SAN JOSE, Calif. — After a morning spent whale watching in the Monterey Bay, the passengers on the Point Sur Clipper on April 27 didn’t notice anything amiss when they first spotted the humpback.
SAN JOSE, Calif. — After a morning spent whale watching in the Monterey Bay, the passengers on the Point Sur Clipper on April 27 didn’t notice anything amiss when they first spotted the humpback.
But unlike the other whales, the 25-foot-long young adult stuck near the surface — and it didn’t dive down to feast on the blooms of krill that attract humpbacks to the bay. “It wouldn’t fluke up,” said Nancy Black, a marine biologist on board the ship that day, referring to the picture-perfect tail flip that humpbacks display before diving to feed. Looking closer, the passenger on the Point Sur also noticed several buoys were strangely close to the whale, trailing behind it.
Black called the U.S. Coast Guard, which soon discovered that the whale was ensnared in a crab pot line.
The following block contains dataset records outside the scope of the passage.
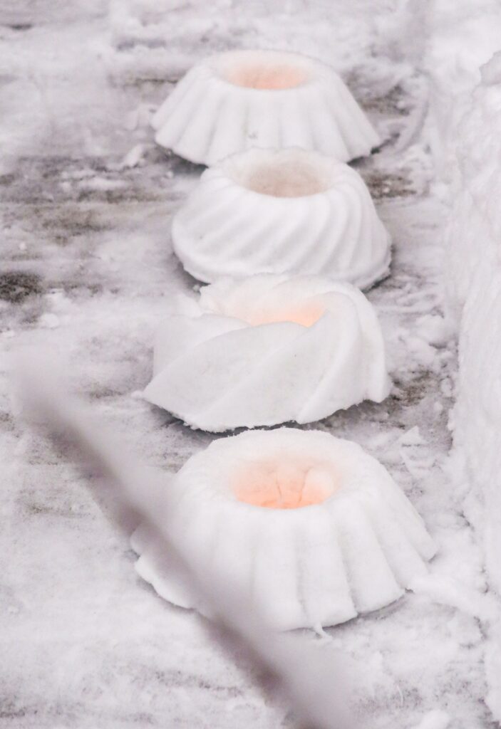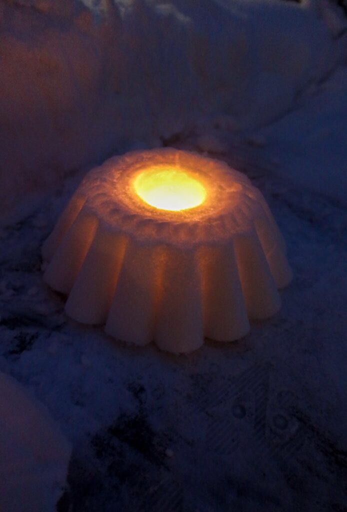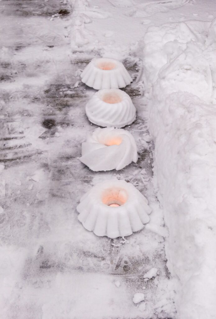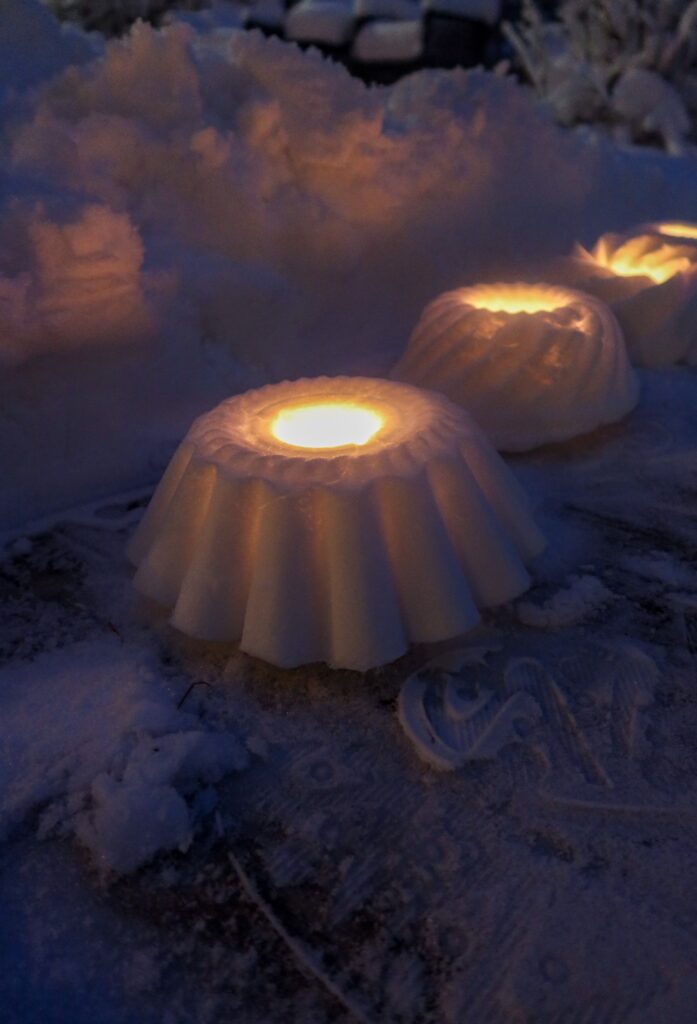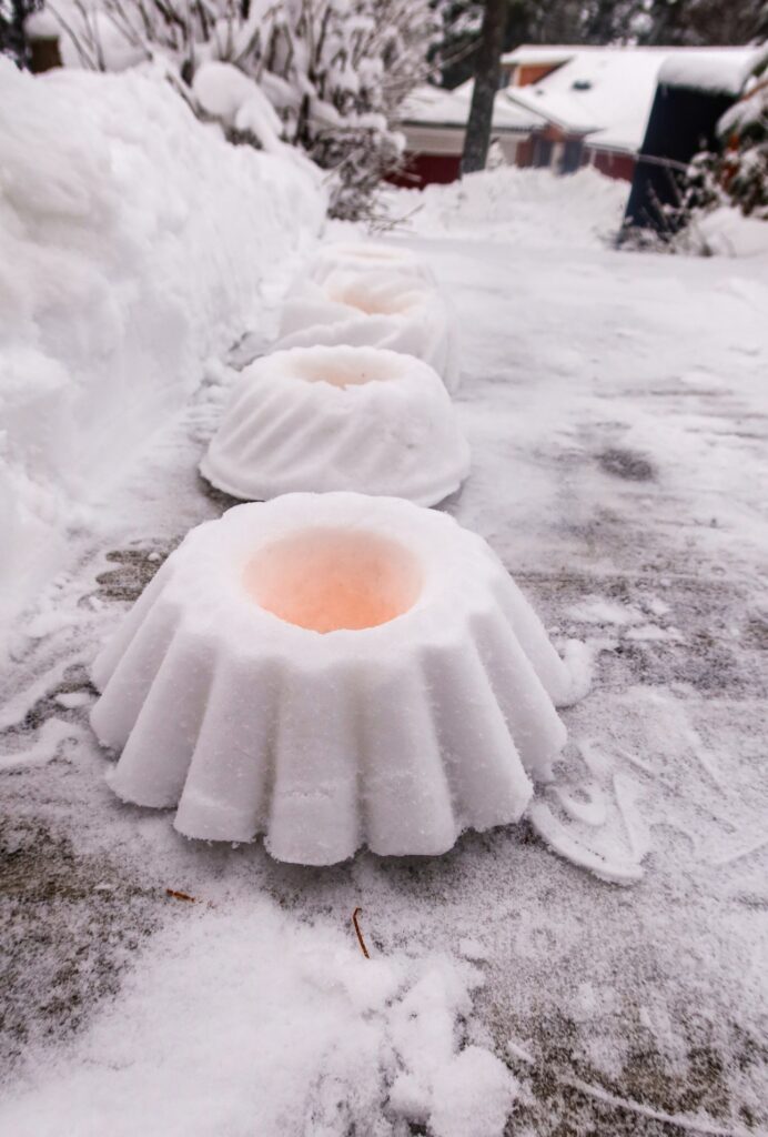 Gör snölyktor. Har du snö där du bor kanske du kan göra dessa enkla snölyktor som verkligen förhöjer myset ute i trädgården.
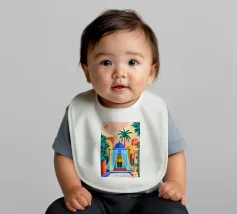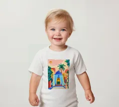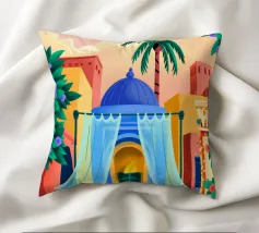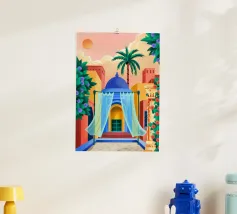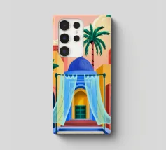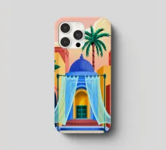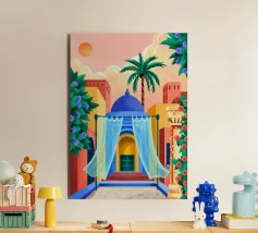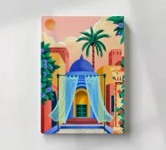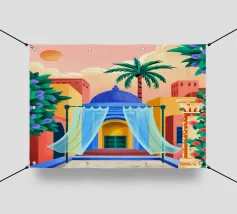 Un cortile con una struttura a cupola blu è ornato da tende fluenti e da una vegetazione lussureggiante. L'atmosfera invitante fonde l'eleganza architettonica con la tranquillità naturale.
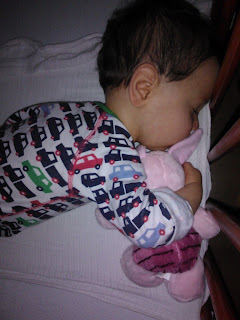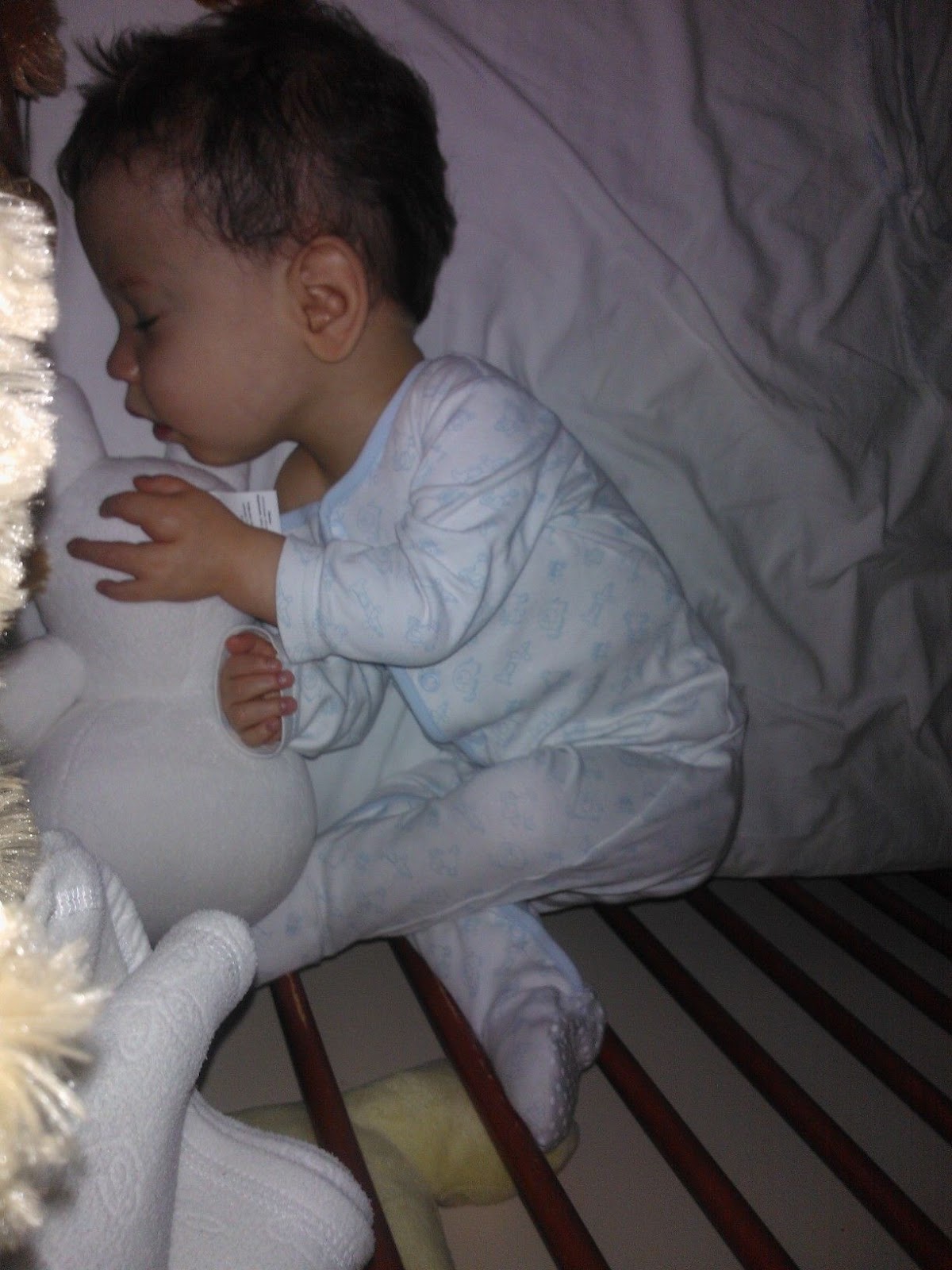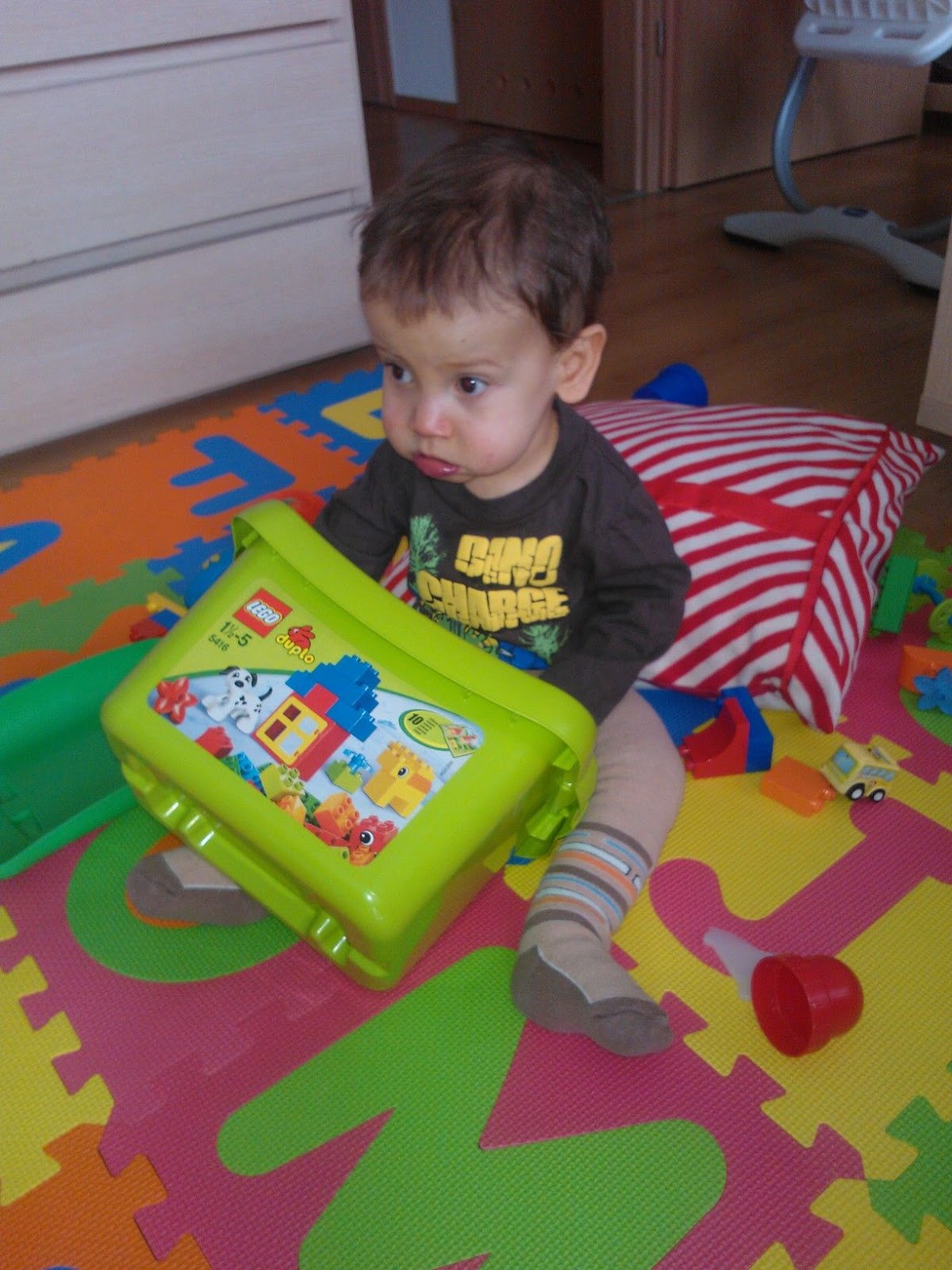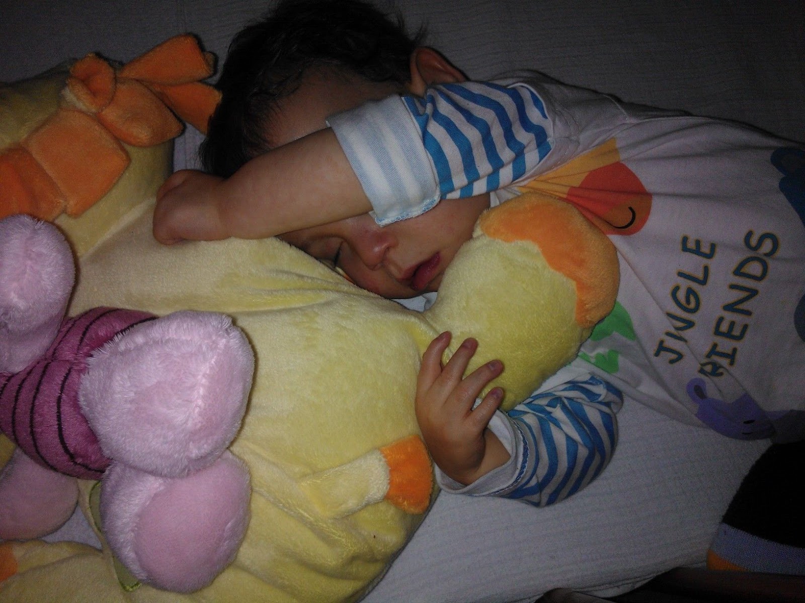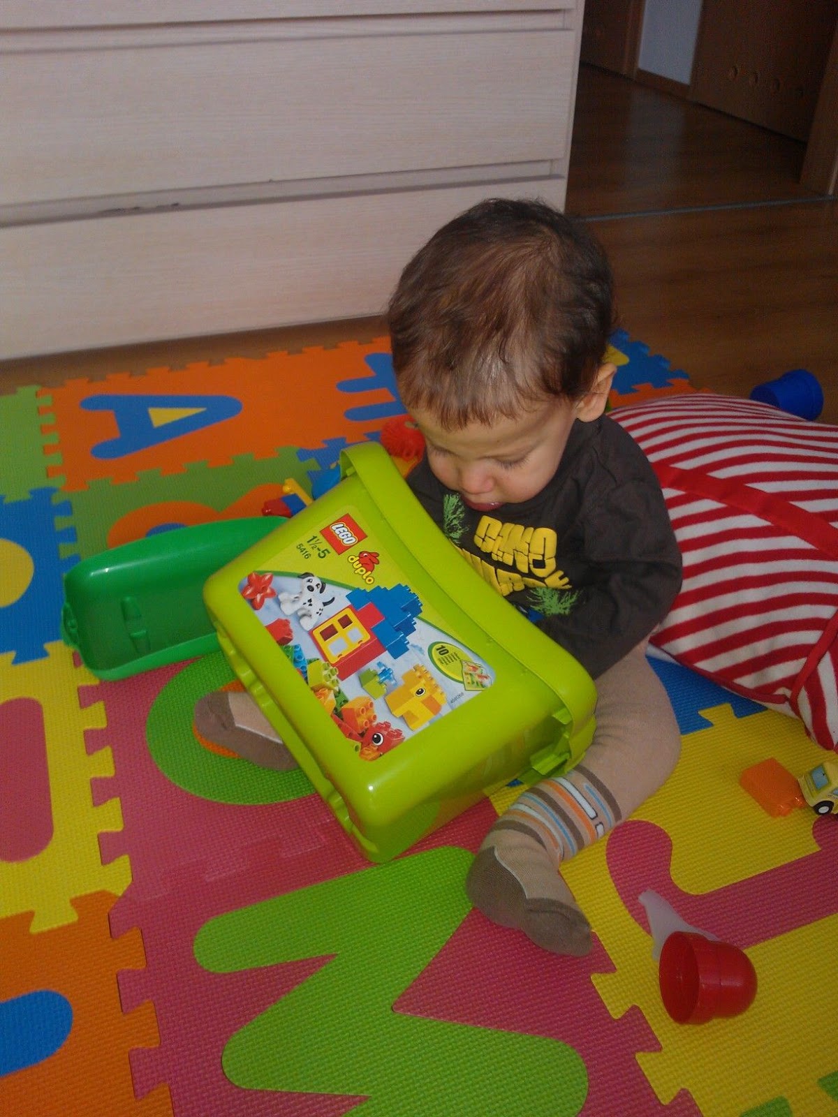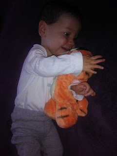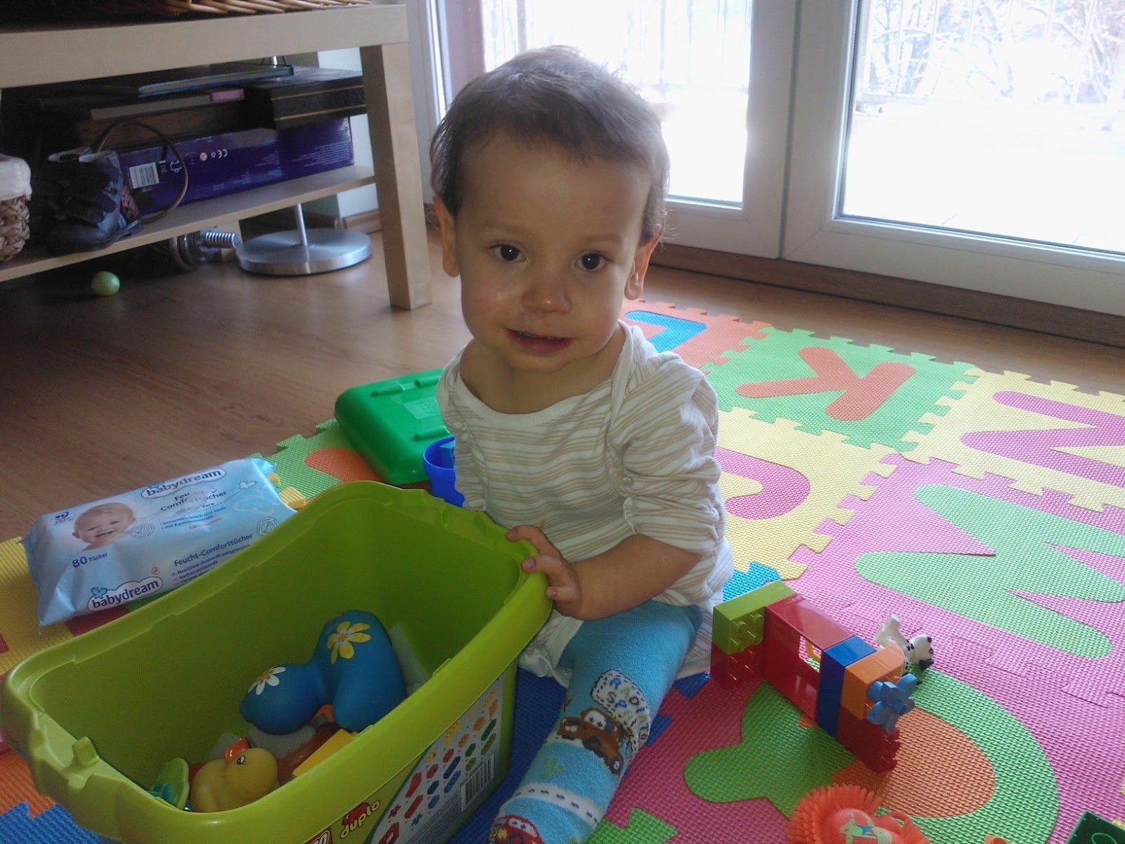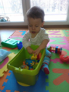 Żeby była zachowana równowaga między rozwojem fizycznym i emocjonalnym, Błażej  zaczął przytulać maskotki. Nigdy tego nie robił, nawet większość pluszaków mu schowałam, bo nie  przystawał do słodkiego obrazka z pocztówki, chłopca tulącego misia. Grzechotki i inne plastikowe zabawki tak, materiały, pieluszki jak najbardziej, ale maskotki odrzucał. Aż tu nagle, kilka dni temu, przed zaśnięciem Błażej zaczął głaskać Prosiaczka, tarmosić za uszka i przytulony do niego usnął. I robi to regularnie!
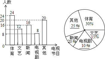 (2)分别根据文艺和电视剧所占的百分比,计算出对应的人数,即可补全统计图;用“文艺节目”所占的百分比乘以360°,即可得圆心角的度数;
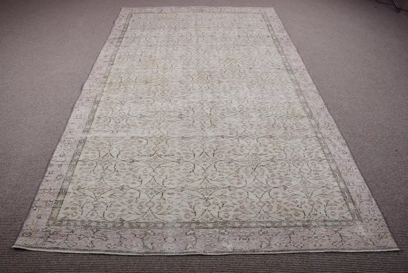 Zarif Bej ve Mor Halı, 5,7x9,6 ft Soyut Tasarım
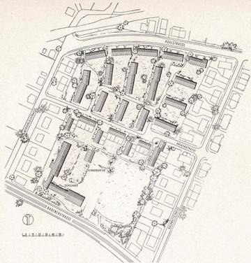 Toutefois, les lotissements décentralisés ne répondaient souvent pas au besoin de se loger à proximité du lieu de travail, et l’idéal de la maison individuelle avec jardin potager pour subvenir à ses besoins n’était que rarement réalisable sur les surfaces limitées des centres urbains. En effet, les lotissements de ces années-là étaient généralement construits dans les villes sous la forme d’ensembles uniformes de plusieurs étages, ainsi que de lotissements verdoyants disposés en rangées ouvertes à la périphérie des villes. Dans ces « colonies », on répondait aux exigences de « lumière, d’air et de soleil » en intégrant des espaces ouverts et de rencontre. Les logements étaient aménagés de manière simple, mais fonctionnelle.

That led to a weekslong rescue effort involving federal and state agencies, six nonprofits, several businesses and dozens of volunteers, who battled rough seas from Monterey to Santa Barbara to give the humpback a shot at survival.
Such large-scale whale rescues are likely to become more common as the population of humpbacks and other whales continues to climb along the California coast, after being suppressed by centuries of whaling. The humpbacks swim north during the spring and summer to feed, clashing with the end of crab season, which in the Monterey Bay extends into July.
Most crab pots are removed from the water in the winter, after the largest crabs are taken, said Pete Kalvass, a senior marine biologist with the California Department of Fish and Wildlife. So in the past, he said, whales rarely tangled with crab fishing gear. But in recent weeks, four entangled whales were reported off the West Coast. Two were freed, including a humpback let loose May 6 off the Oregon coast. Crews were unable to attach satellite telemetry tags to two others, and they have not been spotted again.
Once snagged, it wasn’t easy to free the whale, the rescuers said as they recounted the adventure.
After Black called the Coast Guard shortly after noon that Sunday, the Guard activated the Whale Entanglement Team, a trained volunteer squad affiliated with the National Marine Fisheries Service. Affectionately called WET, the squad stayed close to the whale, giving the fare-paying passengers on the Point Sur Clipper an extra-long trip.
By 3 p.m., the team had clipped a satellite tag to the gear already wrapped around the whale. Now, wherever the humpback went, they could find it. And that was key, said Pieter Folkens, team leader and marine mammal expert.
Early the next morning, a blustery day with choppy seas in the Monterey Bay, the team found the whale again. It was still struggling, breathing often at the surface and swimming slowly.
Armed with long poles and knives, the crew leaned over the rocking boats, struggling to snip the line. They managed to remove the crab pot and 300 feet of line, but another 50 feet of line remained wrapped around the whale’s tail, dragging several buoys.
By now the seas were churning, swells grew to 10 feet high, tossing the boats up and down.
“I’m calling over, ‘You’ve got to stop,’ ” said Peggy Stap, a WET member affiliated with the nonprofit Marine Life Studies in Monterey.
Fearing for their safety, the crew turned back.
Team members then spent the next several evenings trying to figure out the best way to free the whale.
Meanwhile, the whale swam south, burdened by the line that clenched its tail. As the winds continued to blow, the humpback zigged and zagged. On May 1, it strayed too far offshore from Big Sur to mount a rescue.
Seven days later, rescuers geared up and drove south to Point Arguello, but at the last minute high seas forced them to stop.
By now, the whale was shedding weight, Folkens said. Its tracks were becoming jagged, circular. Rescuers waited onshore, anxiously watching and waiting, Stap said.
As the days passed, the whale’s chances of recovery dropped. The tissue in its tail had begun to die, said Justin Viezbicke, a WET coordinator with the National Marine Fisheries Service.
Finally, early in the morning of May 14, 17 days after the whale had first been spotted, some 20 rescuers — split between four boats — gathered near Santa Barbara. The water was calm, and the whale was close.
Working with hooks and knives, the crews worked for more than an hour. And just before 9 a.m., the last loop was removed.
After swimming some 700 miles entwined in rope, the whale was free.
Folkens, the marine mammal expert, said a poet wouldn’t be able to describe the rush of emotions he felt when the final bits of line were snipped.
“It’s a combination of feelings of success and accomplishment and being a part of something that makes a difference,” Folkens said.
Although other rescuers expressed optimism about the whale’s chances, Viezbicke said he really didn’t know how the whale would fare.
“It’s always very difficult to say,” Viezbicke said. “I think the main thing is this animal has a chance now — and before it didn’t.”